- Active: 1938–42
- Country: Nazi Germany
- Branch: Luftwaffe
- Type: Multi-purpose Wing
- Role: Tactical and Direct Ground Support
- Size: Air Force Wing
- Engagements: World War II

Insignia
- Identification symbol: Geschwaderkennung of L2

= Lehrgeschwader 2 =

Lehrgeschwader 2 (LG 2) (Demonstration Wing 2) was a Luftwaffe unit during World War II, operating three fighter, night fighter, reconnaissance and ground support Gruppen (groups).

Lehrgeschwader were in general mixed-formation units tasked with the operational evaluation of new types of aircraft and/or with the development/evaluation of new operational tactics or practices. Each Gruppe within the unit was equipped with a different type of aircraft. Each Gruppe consisted of several Staffeln (squadrons). The Gruppe was identified by Roman numbers (I./LG 2) and the Staffel by Arabic numbers (10./LG 2).

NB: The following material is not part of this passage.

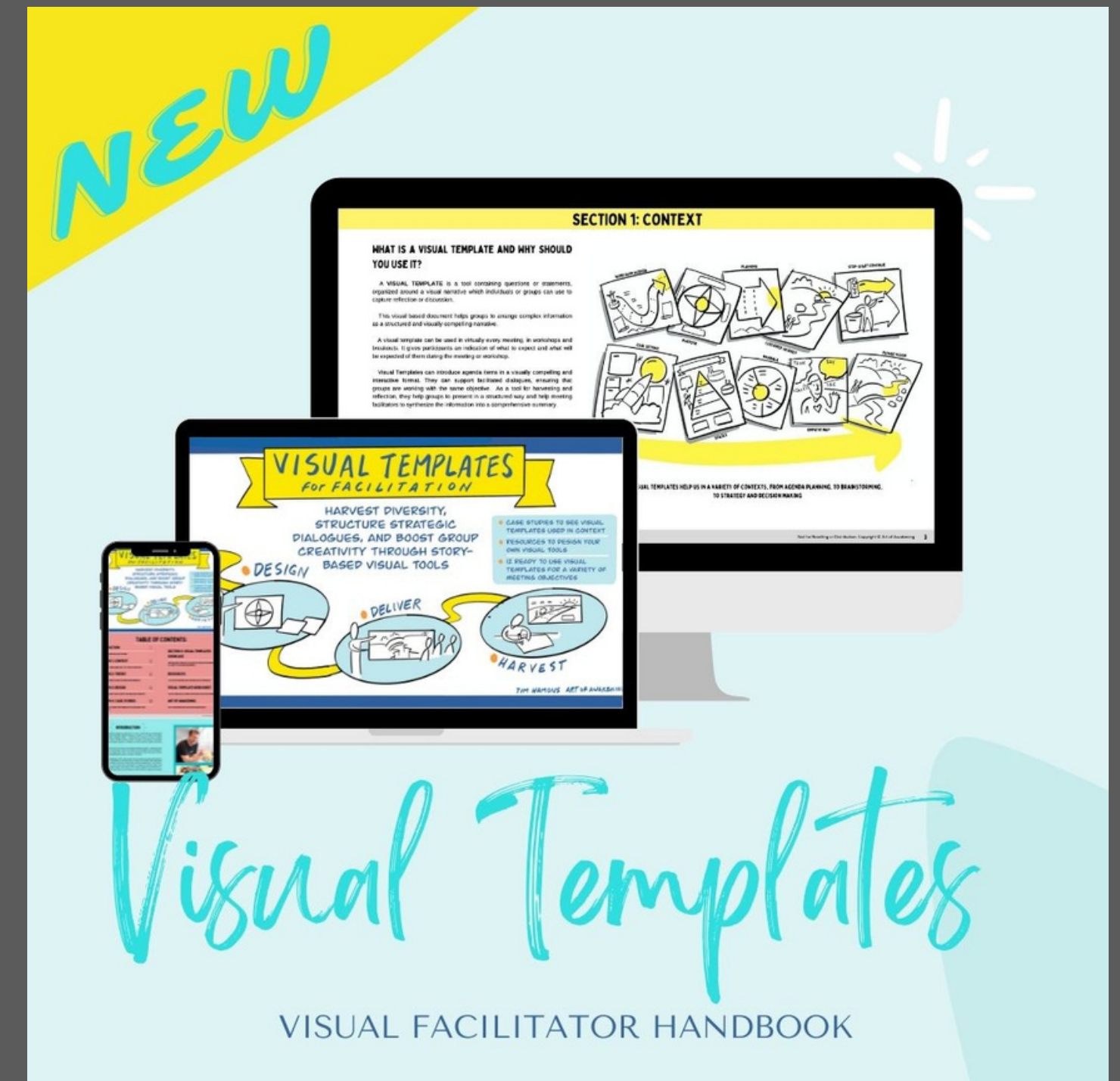
Visual Templates eBOOK, 2020

In 1939 Lehrgeschwader 2 thus consisted of a Bf 109 fighter Gruppe (designated I.(J)/LG 2), a Henschel Hs 123 ground assault Gruppe (II.(Schl.)/LG 2), and a reconnaissance Gruppe (III.(Aufkl.)/LG 2).

== History ==
The unit was created to control the Lehrgruppe in the Luftwaffe. Stab and I.(J)/LG 2 was formed on 1 November 1938 in Garz. II.(Schl.)/LG 2 was formed in November 1938 in Tutow near the Baltic coast and III Gruppe at Jüterbog.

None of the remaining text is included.